The defendant is not required to answer questions No. 2, No. 3 and No. 7, as they appear to have no relevancy, and in any event, the answers thereto have been supplied by the appearance of counsel in behalf of the defendant on the return of the rule to show cause.
If the witness is compelled to answer the remaining questions, will the answer or answers thereto, if in the affirmative, expose him to a criminal prosecution ? Assuredly the answer to question No. 4, even though the answer thereto be in the affirmative, would not expose the witness to criminal prosecution, since the taking of a bet by another and viewed by this witness, at most, would taint the transaction as bookmaking, which is a misdemeanor, and thus does not oblige the witness to disclose the same in order to exonerate himself from a charge of concealment. Concealment of a crime extends to certain designated offenses in the statute and to high misdemeanor. B. S. 2:118-2.
Now as to questions No. 1, No. 5 and No. 6: Could any harm be visited upon the witness by exposing him to criminal prosecution if he made a bet upon the outcome of a horse race with a bookmaker ? The answer is no.
Mr.
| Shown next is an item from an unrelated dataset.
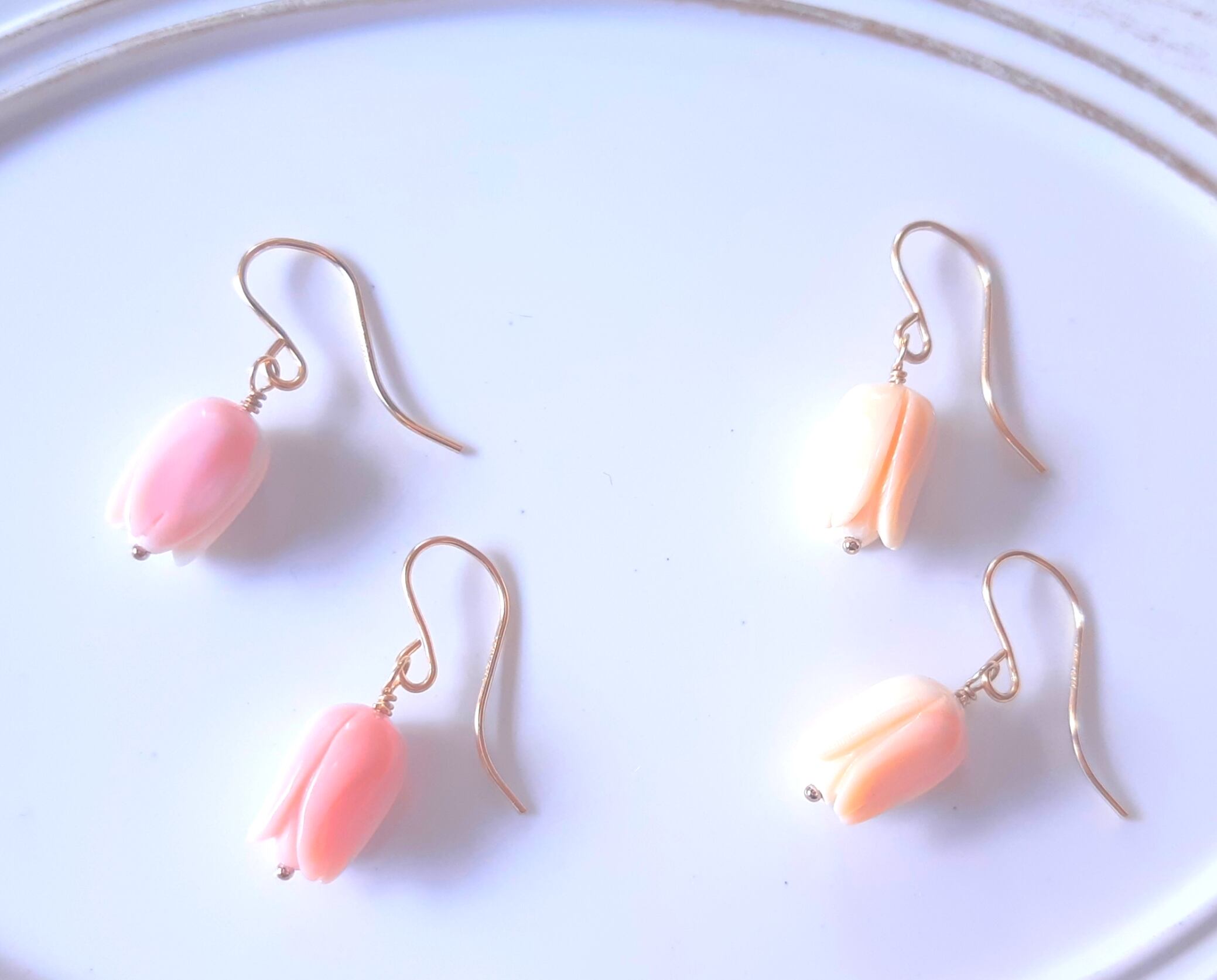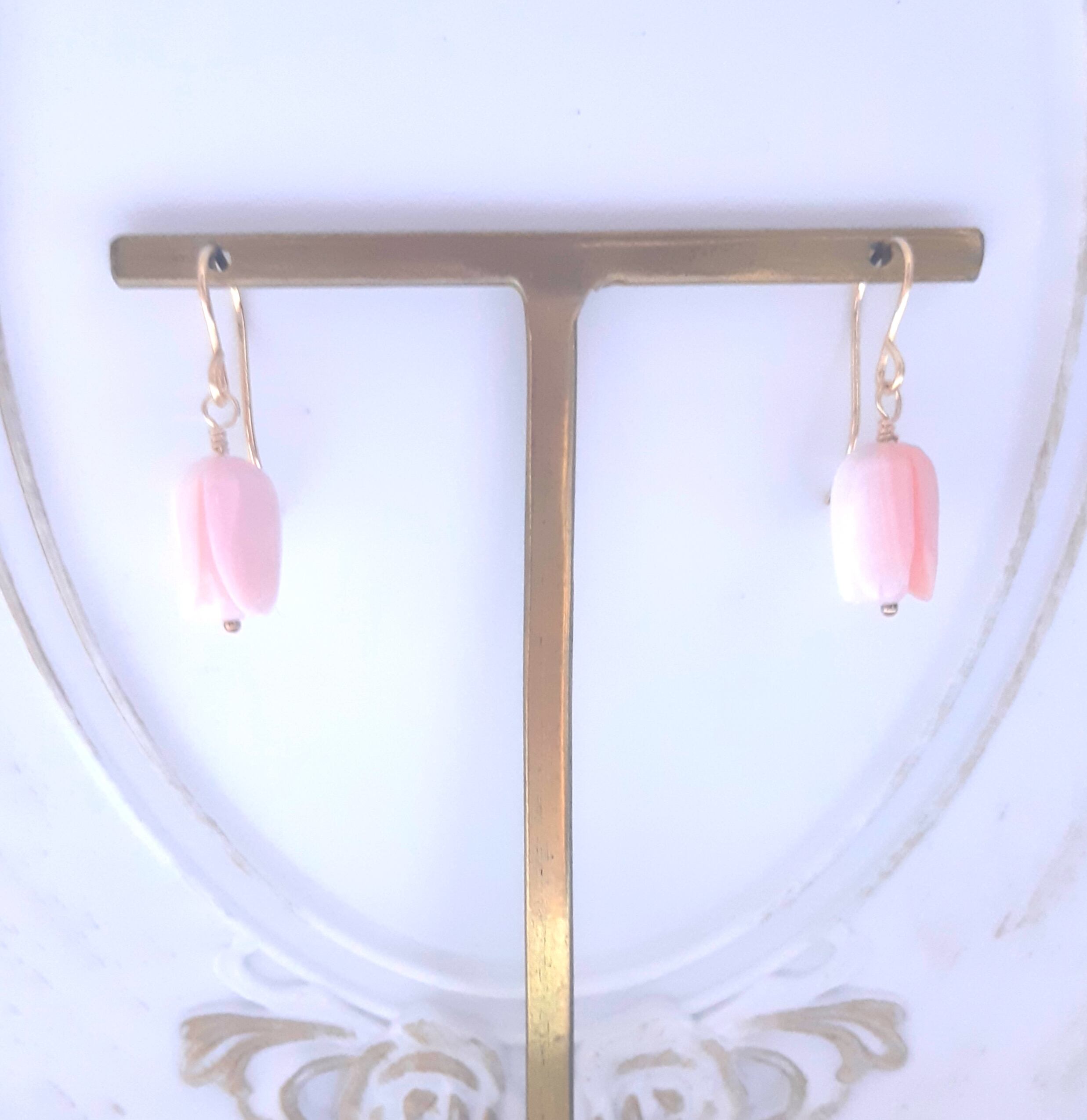 花のつぼみの形をしたピンクのコンクシェルを使用した、可愛らしいデザインになっています♪
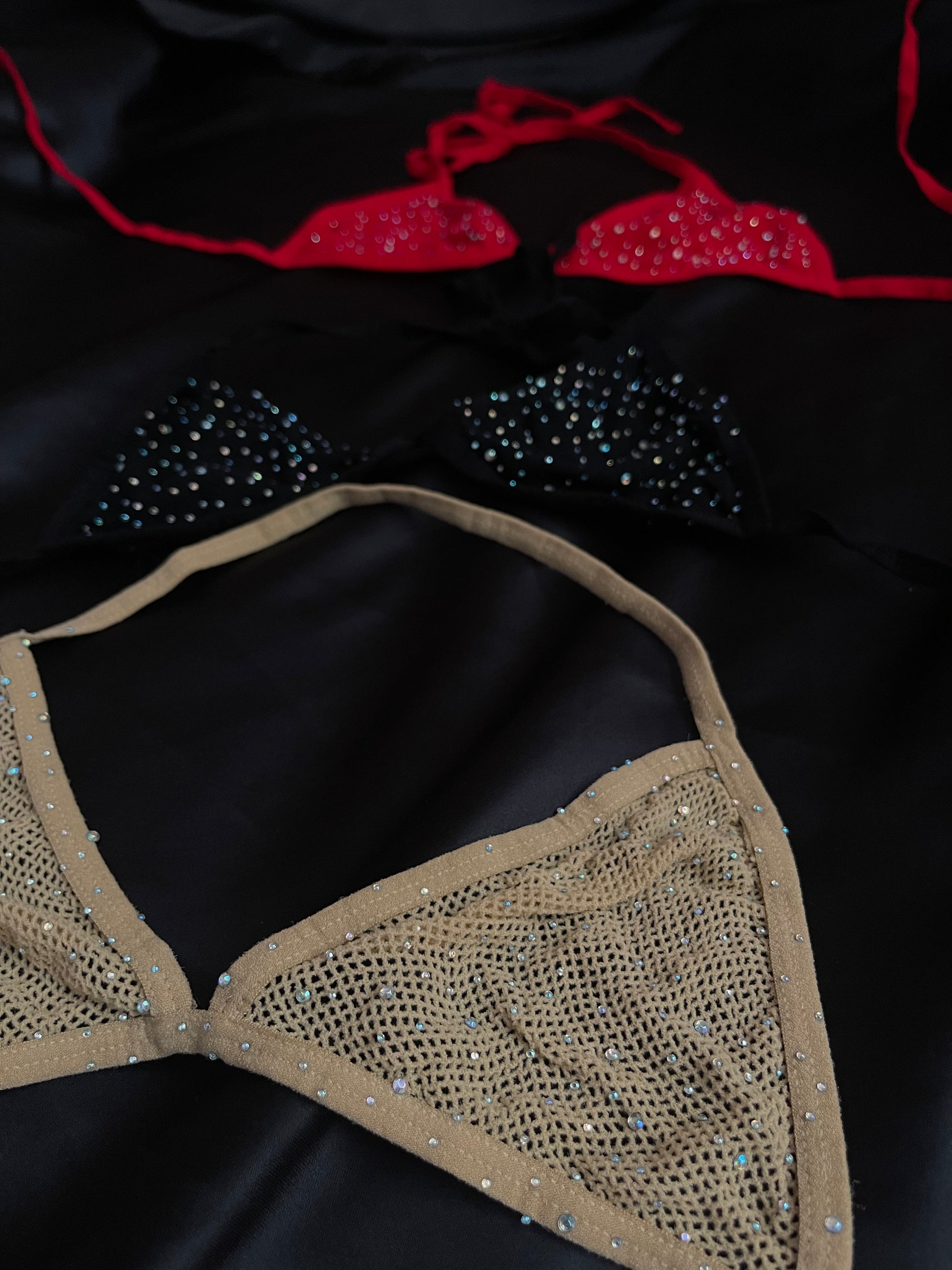 Tops en tela spandex. Estira hasta Copa C aproximadamente. Diamantitos de detalles y amarres en lazos.

Justice Case in a concurring opinion out of our court of last resort in State v. Lennon, 3 N. J. 337, at page 345 (1949), said:
“It is a substantive statutory offense, with penalty, to make a book and take bets; it is not a substantive statutory offense, with penalty, to place a bet.”
In the Lennon case, one Pellecchia was indicted with two other alleged bookmakers for conspiracy, but the conduct of
[595]*595Pellecchia extended beyond the mere making of a bet by him, but rather it was a grand plan, concerted in action, to bet and accept huge sums of money on the outcome of horse races. The result of the answers in the affirmative to the three questions propounded could not, in anywise, elicit such a scheme, and therefore, the probability of exposure to criminal prosecution of conspiracy is nonexistent.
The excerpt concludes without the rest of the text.